Clero regular (religiosos): viven bajo voto de pobreza. Eso significa que, por su opción y por su
promesa formal, renuncian a la propiedad personal. Sus bienes son comunitarios;
su orden o congregación sostiene su vida. La pobreza, en este caso, no es
miseria: la idea tradicional es tener lo necesario y vivir sobriamente, incluso
con renuncias, pero sin convertir la vida en una angustia permanente.
2.
Clero secular (diocesano): no hace voto de pobreza. Puede tener bienes propios, aunque con límites
(por ejemplo, se subraya que no debe dedicarse a “negocios” como ocupación
ordinaria, y que hay un marco canónico que pone frenos a ciertas actividades
por coherencia con el estado sacerdotal).
Y aquí aparece
un concepto clásico del derecho canónico: la “cóngrua sustentación”, es
decir, la obligación del obispo de proveer lo necesario para que el sacerdote
pueda sostenerse dignamente.
El problema,
según se comenta, es que lo “necesario” puede interpretarse de forma
minimalista: “estar comidos”. Y entonces surge una frase clave: la pobreza
no es no pasar hambre. Que alguien no se muera de hambre no significa que
viva con dignidad, ni que pueda sostenerse con serenidad, ni que tenga margen
de libertad.
Pobreza no es
miseria: es sobriedad con dignidad.
La situación española: salario, Estatuto y un “régimen
especial”
La
conversación se mete en datos concretos: se habla de sueldos “en torno a los
1.000 euros al mes en 14 pagas”, tradicionalmente por debajo del salario
mínimo, aunque habría habido incrementos respecto a épocas anteriores. Se
mencionan complementos para ciertos cargos y el papel de los estipendios de
misa, que pueden sumar algo, pero no solucionan el fondo.
Hasta aquí
podría parecer “solo” una remuneración baja. Pero el texto insiste en algo más
delicado: la posición jurídica-laboral. Se afirma que en España el
sacerdote no está incluido en el Estatuto de los Trabajadores por un marco
derivado de acuerdos entre el Estado y la Santa Sede y su desarrollo legal.
¿Consecuencia?
- No habría un cauce civil-laboral ordinario
para reclamar derechos.
- No existirían horarios exigibles civilmente.
- Las vacaciones existirían como derecho
canónico, pero no como derecho laboral civil.

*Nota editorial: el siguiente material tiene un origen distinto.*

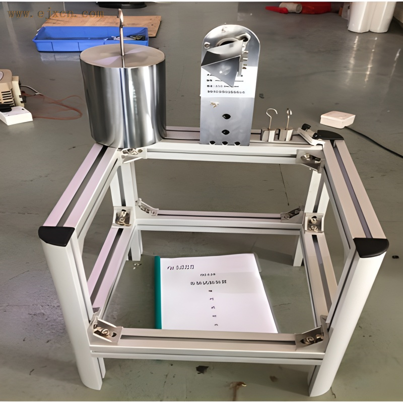 本装置对10°和230°位置进行机械限位,以确保试验角度的准确性,同时也实现了操作方法简单化;砝码附有挂环,以防试样某点因受力过大而被拉破。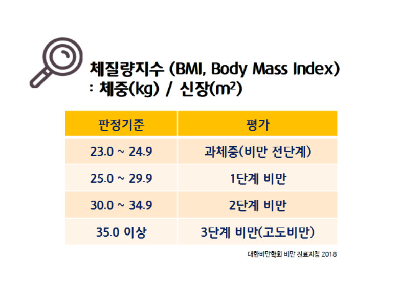 가장 쉬운 방법으로 키(신장)와 몸무게(체중)를 이용하여 계산하는 방법이 있습니다. 그것은 바로 체질량지수, BMI (Body Mass Index)인데요. 자신의 몸무게(kg)를 키의 제곱(m2)으로 나눈 값입니다. 그 값이 23~24.9이면 과체중(비만전단계)이고, 25~29.9는 1단계비만, 30~34.9는 2단계비만, 35이상은 고도비만으로 평가합니다 (출처:대한비만학회).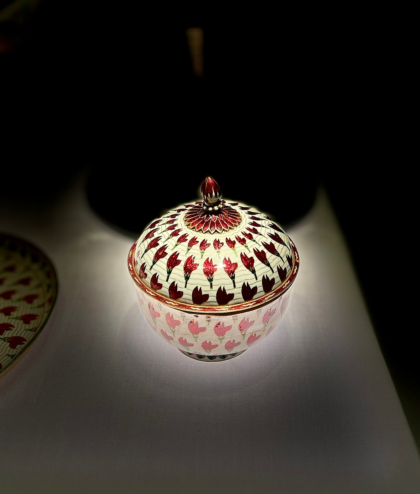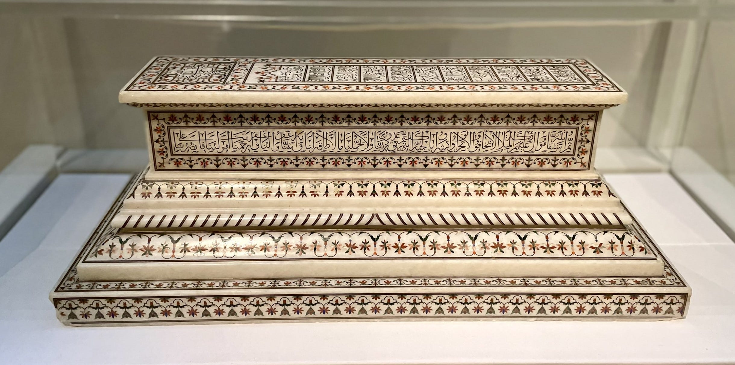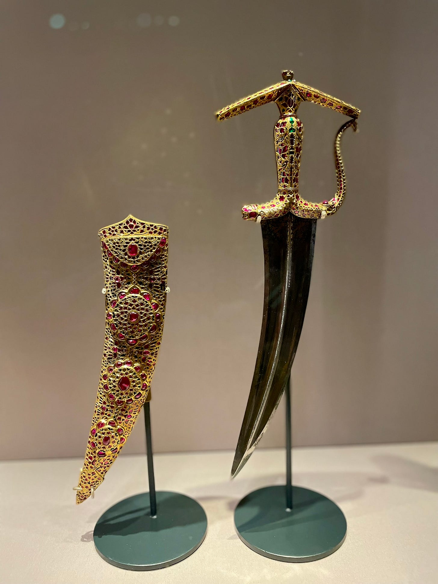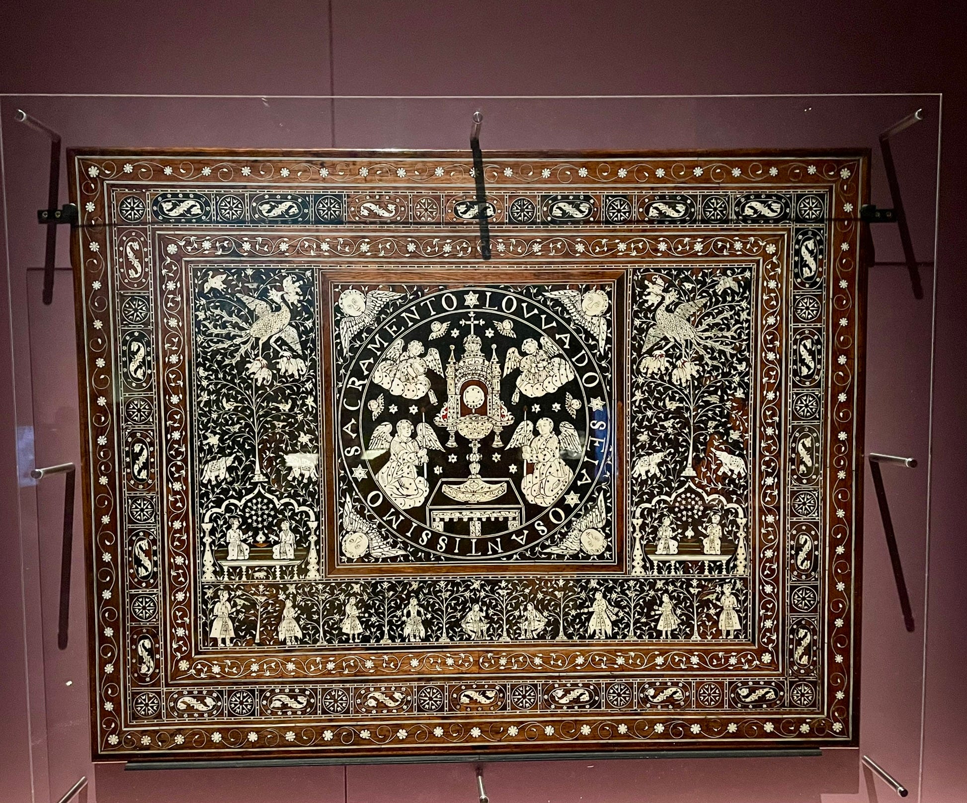 There are bejewelled ceremonial items as well, this spoon is covered in emeralds and rubies with a gold foil, look at those intricate patterns, amazing goldsmith’s work. Similarly, there are caskets worked with mother of pearl giving multicoloured luminescent adornment, what’s interesting about these is their use in this altar frontal which has Christian narratives such as cherubs and angels. Goa was a centre of Jesuit missionary work so it’s interesting to see religious artifacts expressed through the artistic media of the Mughal Courts.

- La Seguridad Social operaría con un régimen
particular: se pagaría pensión y asistencia sanitaria, pero no conceptos
como paro, accidentes laborales o formación, lo que implicaría una
aportación menor que la de un trabajador estándar.
La
conversación lo remata con una comparación llamativa: empleados laicos de
estructuras diocesanas (por ejemplo, limpieza) podrían tener mejor salario y
más derechos laborales que un sacerdote medio.
Y aquí se abre
un matiz interesante: quien habla no pide necesariamente “laboralizar” al
sacerdote como si fuera un empleado más. De hecho, expresa que le parece
razonable que el sacerdote no sea exactamente equiparable a cualquier
trabajador (derecho a despido, etc., suena raro en clave vocacional). Pero sí
subraya lo esencial: no tiene sentido que un sacerdote viva con una
preocupación constante por la supervivencia. Una cosa es vivir sobrio, otra
vivir haciendo encaje de bolillos.
Comparaciones internacionales: no es lo mismo en todas
partes
Se traen
ejemplos para mostrar que la realidad española no es universal:
- En buena parte de Hispanoamérica se afirma
que un sacerdote puede vivir como un profesional medio.
- En Estados Unidos se describe un esquema
donde el sueldo puede ser “bajo para los estándares”, pero la diócesis o
la parroquia cubren vivienda, comida, seguro médico, etc. Eso cambia
completamente el panorama: el sueldo ya no compite con la lista interminable
de gastos básicos.
El contraste
busca señalar que el problema no es “el sacerdocio” en abstracto, sino cómo
se organiza materialmente.
Un cura
sostiene personas… y también techos, llaves, facturas y retablos.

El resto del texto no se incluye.